Action item> Every line below between the one holding "Ładowarka Power Delivery" and the one holding "值得一提的是,因自身经营发展", inclusive, should be copied exactly, and no other line.

Data for processing>
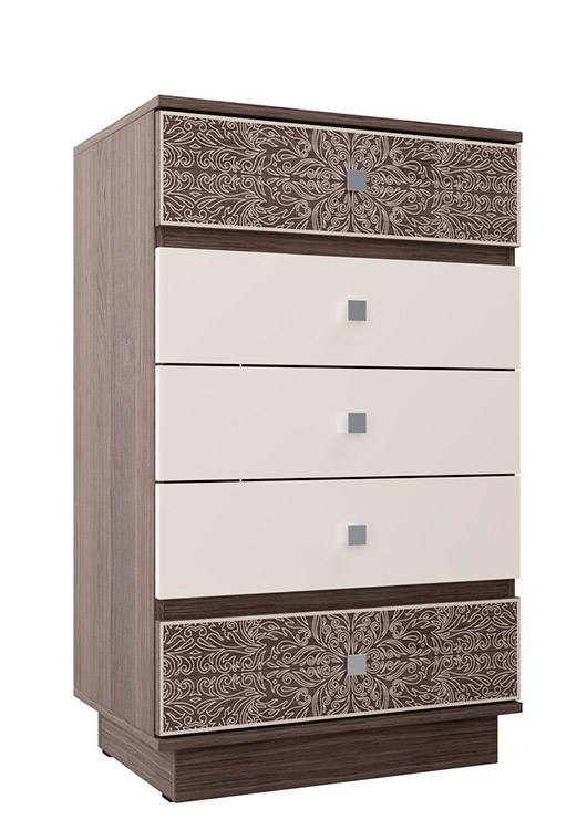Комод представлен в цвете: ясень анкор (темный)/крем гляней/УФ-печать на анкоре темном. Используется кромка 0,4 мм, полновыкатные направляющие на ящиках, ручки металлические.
---
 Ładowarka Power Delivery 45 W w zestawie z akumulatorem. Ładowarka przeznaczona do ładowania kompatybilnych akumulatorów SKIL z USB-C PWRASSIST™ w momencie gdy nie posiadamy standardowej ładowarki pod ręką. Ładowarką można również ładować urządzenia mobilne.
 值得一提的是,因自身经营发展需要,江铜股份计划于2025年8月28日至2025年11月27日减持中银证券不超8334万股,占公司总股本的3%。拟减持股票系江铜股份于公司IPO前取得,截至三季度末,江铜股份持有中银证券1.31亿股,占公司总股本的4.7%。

Solution below>
 Ładowarka Power Delivery 45 W w zestawie z akumulatorem. Ładowarka przeznaczona do ładowania kompatybilnych akumulatorów SKIL z USB-C PWRASSIST™ w momencie gdy nie posiadamy standardowej ładowarki pod ręką. Ładowarką można również ładować urządzenia mobilne.
 值得一提的是,因自身经营发展需要,江铜股份计划于2025年8月28日至2025年11月27日减持中银证券不超8334万股,占公司总股本的3%。拟减持股票系江铜股份于公司IPO前取得,截至三季度末,江铜股份持有中银证券1.31亿股,占公司总股本的4.7%。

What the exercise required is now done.